魔法少女リリカルなのは 〜ありがちな転生生活〜 作:妖魔夜行@
side碌斗
心地よい風が頬を撫でる。
「ん………」
誰かに頭を撫でられているのか?妙に気持ちいい。
うっすらと目を開けるとそこには、「高町なのは」がいた。
「おはよう小鳥遊くん。気分は大丈夫?」
「ん…ぅん?」
段々と意識が覚醒してくる。後頭部には柔らかい感触があり、頭はなのはが撫でているのかまた瞼を閉じてしまいたくなるような気持ち良さがある。
「ここは…?」
「保健室だよ。小鳥遊くん、神崎くんに殴られて気を失ってたんだよ」
「気を……?」
そうか、それで保健室に……。
いや違う。
頭に残る、酷い違和感。曇りガラスのように思い出せない記憶…。
「《アラジン…説明頼む》」
『《うん。実は…》』
マジかよ…幻術や幻覚対策の8型防御魔法を貫通するとか…どれだけあの幻術は力が強いんだ?
アラジンから俺が気を失っていた間と消された記憶の説明を受けた。なんつーか、流石は転生者ってところか。
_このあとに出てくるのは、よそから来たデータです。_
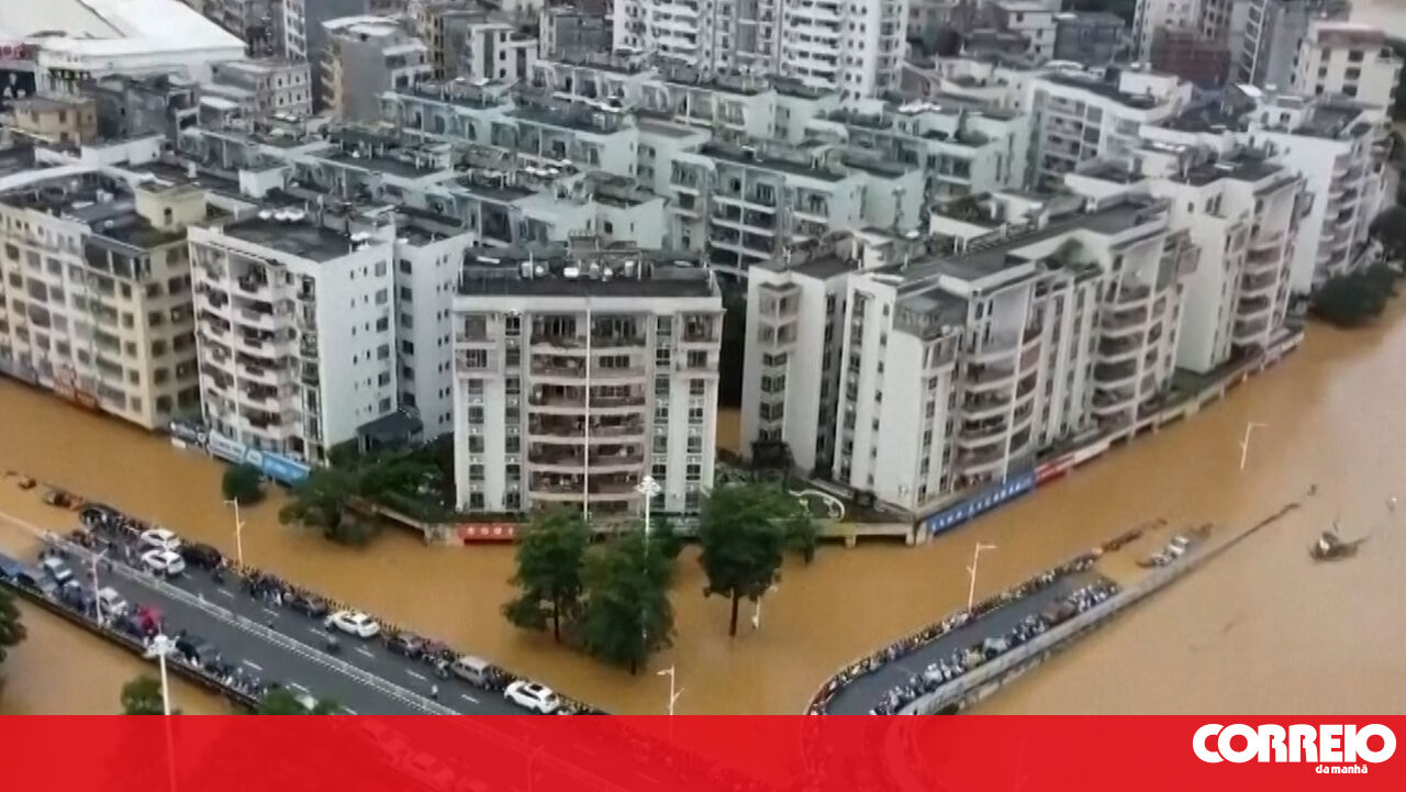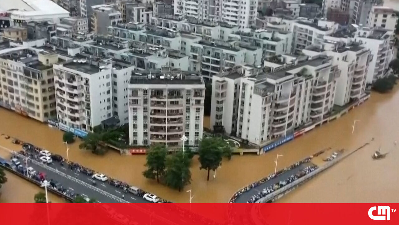 Imagens impressionantes mostram estradas totalmente inundadas após chuvas torrenciais no sul da China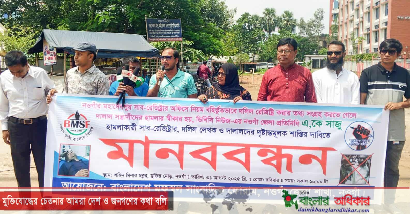 নওগাঁর মহাদেবপুর সাব-রেজিস্ট্রি অফিসে তথ্য সংগ্রহ করতে গিয়ে ডিবিসি নিউজের নওগাঁ জেলা প্রতিনিধি সাংবাদিক এ. কে. সাজুর ওপর সন্ত্রাসী হামলার প্রতিবাদে নওগাঁয় মানববন্ধন ও বিক্ষোভ সমাবেশ অনুষ্ঠিত হয়েছে।

「《…じゃあ俺が転生者って事はまだバレてはいないんだな?》」
『《うん。でも御林ちゃんは「かもしれない」程度には疑っているからね》』
「《うーん…誤魔化しきれなくなって来たな》」
「あの…小鳥遊くん?」
「何?高町さん」
「そろそろ…起きれるかな?」
「え?」
なのはにそう言われて俺の体制を見る。後頭部に柔らかい感触、目の前にはなのはの顔、どうやら俺は今、なのはに膝枕をされているらしい。
「うわあぁぁ!!ゴメンなさぁーい!!」
すぐ降りて土下座した。
「ふええええ!?なんで!?頭あげてよ!というか土下座なんかしないでよ!」
「許してくれるの?」
「まず許すも何も怒ってないから!」
許可を貰ったので普通に立ち上がる。弁明しとくが俺は断じてロリコンではないからな。あとMでもない。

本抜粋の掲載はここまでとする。